Of course I get some bot traffic including the OpenAI bot – although I just trust the user agent there, I have not confirmed that the origin IP address of the requests actually belongs to OpenAI.
That's just the internet. I like the bots, especially the wp-admin or .env ones. It's fun watching them doing their thing like little ants.
throwaway613745
OpenAI is scraping everything that is publicly accessible. Everything.
Aachen
Yet they provide the user agents and IP address ranges which they scrape from, and say they respect robots.txt
I run a web server and so see a lot of scrapers, but OpenAI is one of the ones that appear to respect limits that you set. A lot of (if not most) others don't even have that ethics standard so I'd not say that "OpenAI scrapes everything they can access. Everything" without qualification, as that doesn't seem to be true, at least not until someone puts a file behind a robots deny page and finds that chatgpt (or another of openai's products) has knowledge of it
jcims
Given these are trivially forged, presumably they aren't really using a Mac for scraping, right? Just to elicit a 'standard' end user response from the server?
>useragent="Mozilla/5.0 (Macintosh; Intel Mac OS X 10_15_7) AppleWebKit/537.36 (KHTML, like Gecko) Chrome/131.0.0.0 Safari/537.36; compatible; OAI-SearchBot/1.3; robots.txt;
snowwrestler
Right. Crawler user agent strings in general tend to include all sorts of legacy stuff for compatibility.
This actually is a well-behaved crawler user agent because it identifies itself at the end.
Hrun0
Yes, it is very common to change your useragent for web scraping. Mainly because there are websites which will block you just based on that alone
benjojo12
the ip address the this comes from is a OpenAI search bot range:
> "ipv4Prefix": "74.7.175.128/25"
_pdp_
I wonder if this can be used to contaminate OpenAI search indexes?
xpe
Meta: People are quite excellent at jumping to conclusions or assuming their POV is the only one.

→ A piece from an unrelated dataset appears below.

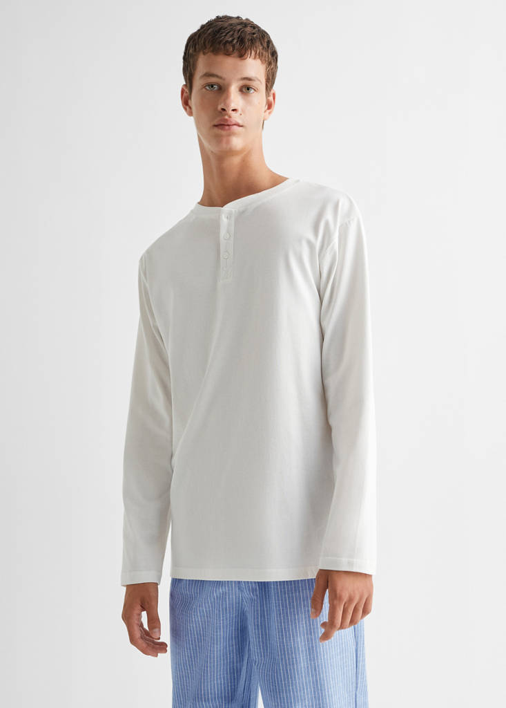 Pack de camiseta y pantalón de pijama. 100% algodón. Estampado de rayas. Diseño recto. Diseño largo. Cuello redondo. Manga larga. Cierre de cordón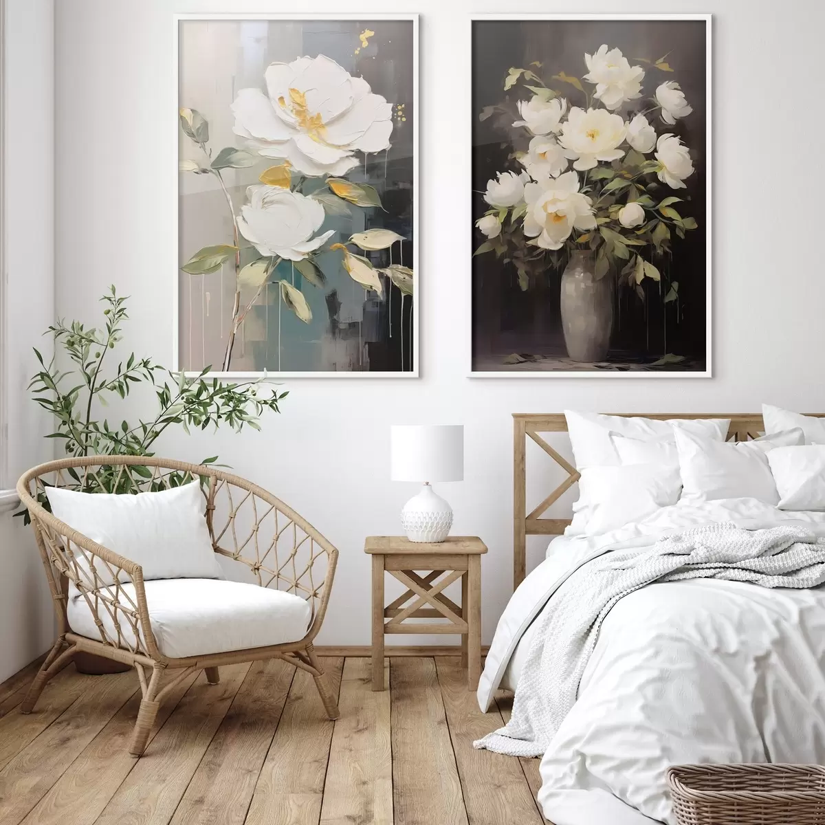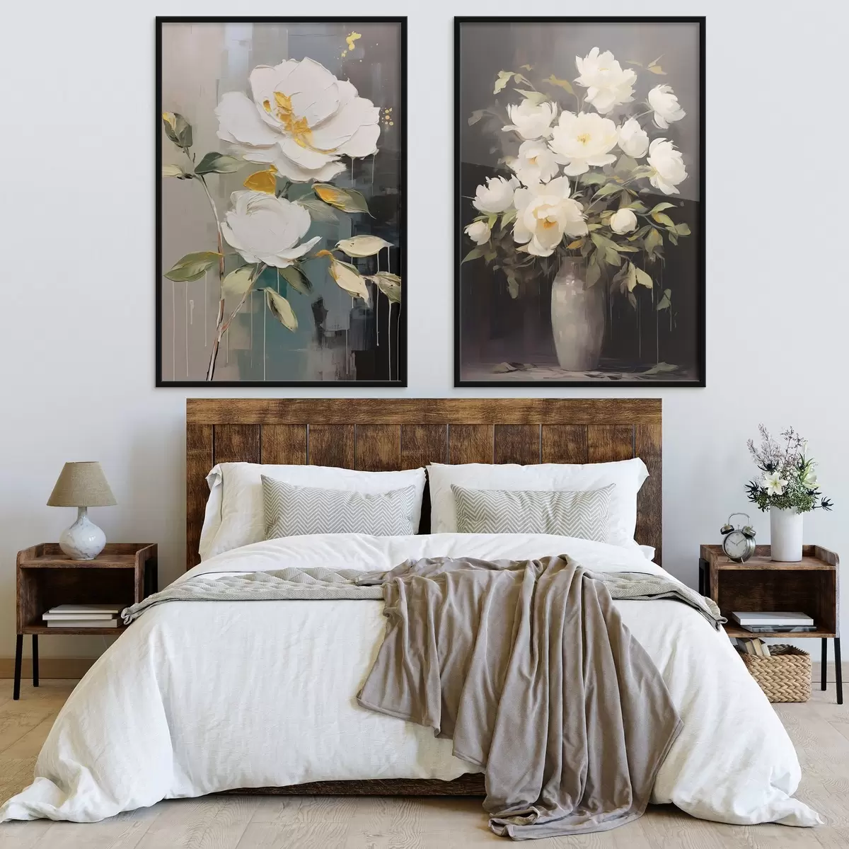 Plagáty Biele pivonky na tmavom pozadí: dekoratívne zloženie Nr d00634

Consider this simplified scenario.
- X happened
- Person P says "Ah, *X* happened."
- Person Q *interprets* this in a particular way
and says "Stop saying X is BAD!"
- Person R, who already knows about X...
(and indifferent to what others notice
or might know or be interested in)
...says "(yawn)".
This failure mode is incredibly common. And preventable. What a waste of the collective hours of attention and thinking we are spending here that we could be using somewhere else.See also: the difference between positive and normative; charitable interpretations; not jumping to conclusions
mxlje
So? It’s public information and a somewhat easily consumable stream of websites to scrape, if my job was to scrape the entire internet I’d probably start there, too.
gmerc
Let's prompt inject it
drwhyandhow
This has been long the case! I think there whole business model is based off scraping lol
Thousands of systems, from Google to script kiddies to OpenAI to nigerian call scammers to cybersecurity firms, actively watch the certificate transparency logs for exactly this reason. Yawn.